WildTrain Architecture
WildTrain is a modular training framework that supports both object detection (YOLO, MMDetection) and classification (PyTorch Lightning) with integrated experiment tracking and model management.
Overview
Purpose: Flexible model training and evaluation framework
Key Responsibilities:
- Model training (detection and classification)
- Experiment tracking with MLflow
- Hyperparameter optimization
- Model evaluation and metrics
- Model registration and versioning
Architecture Diagram
Core Components
1. Model Architectures
Supported Architectures
WildTrain supports several model families out of the box:
- YOLO Detection: Integrated Ultralytics YOLO models for fast and accurate object detection.
- MMDetection: Support for advanced detection architectures including Faster R-CNN, Mask R-CNN, and Transformers.
- Classification Models: PyTorch Lightning-based classifiers for species identification using standard backbones like ResNet, EfficientNet, and Vision Transformers.
2. Data Modules
#Standardized data loading components that integrate with WilData to feed training and validation batches into the models:
- Detection DataModule: Handles bounding box datasets and associated image transformations.
- Classification DataModule: Handles ROI-based classification datasets with standard image augmentations.
3. Training Orchestration
Main Trainer
The training orchestrator manages the lifecycle of a training run, including experiment initialization, model instantiation, training loop execution, and model serialization.
4. Evaluation System
Metrics Computation
Integrated tools for calculating standard performance metrics:
- Classification Metrics: Accuracy, Precision, Recall, and F1-Score.
- Detection Metrics: Mean Average Precision (mAP) at various IoU thresholds.
5. Hyperparameter Optimization
Optuna Integration
WildTrain integrates with Optuna to automate the search for optimal training hyperparameters like learning rate, batch size, and architectural configurations.
6. Model Registration
MLflow Model Registry
Models are automatically registered in the MLflow Model Registry, allowing for versioning, lifecycle stage management (Staging/Production), and metadata tracking.
Configuration System
Hydra Configuration
WildTrain uses Hydra for flexible configuration management.

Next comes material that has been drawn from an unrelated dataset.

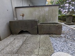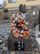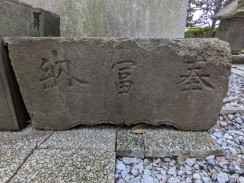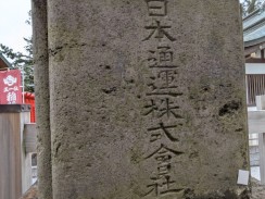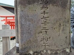 | 左側の台石裏側に奉納者として「日本通運株式会社」と彫られています。いわゆる「日通」は昭和十二年に国営会社として設立されているので、その五年目の奉納となります。千代田区の日通本社ビル敷地内にも稲荷神社がお祀りされている[2]ようなので、何らかの縁があるようです。 | |

WildTrain uses Hydra for flexible configuration management, enabling hierarchical YAML configurations and CLI-based overrides.
Configuration Structure
# configs/main.yaml
defaults:
- model: yolo
- data: detection
- training: default
- _self_
experiment_name: wildlife_detection
seed: 42
# Override from CLI:
# python main.py model=custom data.batch_size=64
Model Configs
# configs/detection/yolo.yaml
model:
framework: "yolo"
size: "n" # n, s, m, l, x
pretrained: true
training:
epochs: 100
imgsz: 640
batch: 16
optimizer: "AdamW"
lr0: 0.001
CLI Interface
Training, evaluation, and tuning operations are all exposed via a CLI built with Typer. Complete documentation is available in the CLI Reference.